In the worst dreams, she doesn’t have the problem. He can’t see his back, but he knows what’s there: the rough honeycomb shapes, and, waiting, their spadelike little heads.

The walls are smooth. He can’t rub against them. The babies are restless. The mother just sits there, smugly repeating her own taxonomy: “Pipa pipa,” she croaks. “Pipa pipa.”

Lil P

It’s hot in Scarsdale, but Lil P still sports his thick red beanie –he won’t be caught without his colors. These three boys in black, he thinks, must be sweating even more.

“Looks like some APA chump come downtown all alone!” says the lead.

“Y’all MLA punks best back up offs,” snaps Lil P. “Your pages is numbered.

They go cold. “Nobody disses our style,” snaps one, stepping up, but the lead restrains him. He and P both hear it: somebody’s rig bumping, nearby…

Then the Turabian hoods roll around the corner, grinning, and all of them break sweat anew.

Gracie

“I’ll put the lilies–” Helena begins.

“Put them over there,” orders Mister Fannon.

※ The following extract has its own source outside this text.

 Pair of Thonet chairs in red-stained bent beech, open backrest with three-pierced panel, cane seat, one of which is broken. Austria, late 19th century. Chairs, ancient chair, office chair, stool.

His thin hands should move languorously; they don’t.

“Why’d we have to get the Bossy Funeral Home?” mutters Gracie.

“Helena wanted it.” Sven shrugs. “Said she needed direction.”

“I looked through that catalog,” Helena’s saying. “I was thinking about the Millennium?”

“Not for a cremation, honey!” says Fannon. “You just get a nice pine box–the Excelsior, say–and spend the extra money on a trip for yourself. That’s what Ben would’ve wanted, am I right?”

They don’t go in for nonsense at the Bossy Funeral Home.

Courtney

“It’s not like I don’t want to learn,” says Courtney. “I mean, I can spell… But I am in college, so I expect I’m going to get corrected on grammar, or whatever, I expect some red ink–”

“Which they don’t use,” says Violet.

“Exactly! They use green ink because somebody,” Courtney says, “somebody with a sinecure, wrote a memo about how we associate red with bad and that–that completely misses the point. It just makes them look like a bunch of jackoffs.”

“I think you mean ‘jacksoff,'” says Violet.

“They got to you too!” Courtney shrieks. “You’ve been contaged!”